After generating LLM-based topic names, you can view them in the web interface:
-
Start the server:
python manage.py runserver
-
Navigate to http://localhost:8000/
-
Select your dataset and analysis
-
Topic names will be displayed with the "LLM-10words" naming scheme
You can switch between different naming schemes (Top3, TF-ITF Top 3, LLM-10words) in the interface.
Make sure you've set the environment variable:
export OPENAI_API_KEY='your-key-here'Verify it's set:
echo $OPENAI_API_KEYInstall the OpenAI package:
pip install openaiIf you hit rate limits with many topics:
- Add delays between API calls
- Use gpt-4o-mini (higher rate limits)
- Batch process topics in smaller groups
If fallback_to_topn=True (default), the system will automatically use simple Top-3 naming for any topics that fail LLM generation.

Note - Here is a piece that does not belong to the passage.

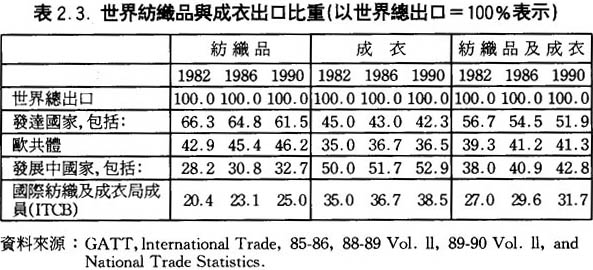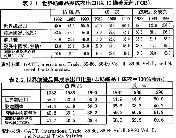 一向以來,在世界的成衣及紡織品貿易中,紡織品貿易佔的比重高於成衣貿易,早在第一屆MFA簽訂的第一年——1974年,在世界成衣紡織品貿易中,紡織品業的貿易額是280億美元,兩倍大於成衣業的貿易額,自此之後,成衣業的貿易不斷擴大,其發展速度,以高於紡織業的速度增長;到1990年,成衣業貿易額終於和紡織的貿易額拉平,各爲1,040億美元(詳見表2.1.)。所佔的比重雖然各佔一半,但在發達國家與發展中國家中,成衣和紡織所佔的比重是恰好相反的(詳見表2.2.)。

This ensures robustness even with API issues.
# Generate LLM names for a 20-topic State of the Union analysis
llm_namer = LLMTopicNamer(n_words=12, n_docs=5, model="gpt-4o-mini")

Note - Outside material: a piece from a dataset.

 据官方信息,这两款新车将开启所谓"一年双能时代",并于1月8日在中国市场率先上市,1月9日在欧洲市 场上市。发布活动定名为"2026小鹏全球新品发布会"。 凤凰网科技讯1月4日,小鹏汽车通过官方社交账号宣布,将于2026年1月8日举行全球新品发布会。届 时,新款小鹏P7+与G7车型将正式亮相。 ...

create_topic_names('default', analysis_db, [llm_namer], verbose=True)Example output:
-
Instead of: "war military troops"
-
LLM generates: "Military Operations and National Defense"
-
Instead of: "economy jobs workers"
-
LLM generates: "Economic Growth and Employment"
You can specify different OpenAI models:
# Use GPT-4o for higher quality (more expensive)
llm_namer = LLMTopicNamer(model="gpt-4o")
# Use GPT-3.5 for faster, cheaper naming
llm_namer = LLMTopicNamer(model="gpt-3.5-turbo")To automatically generate LLM names during analysis, modify your analysis script:
# After running analysis
python tg.py analyze state_of_the_union --number-of-topics 20 --stopwords stopwords/english_all.txt
# Then run LLM naming
python generate_llm_names.pyOr create a combined script that does both.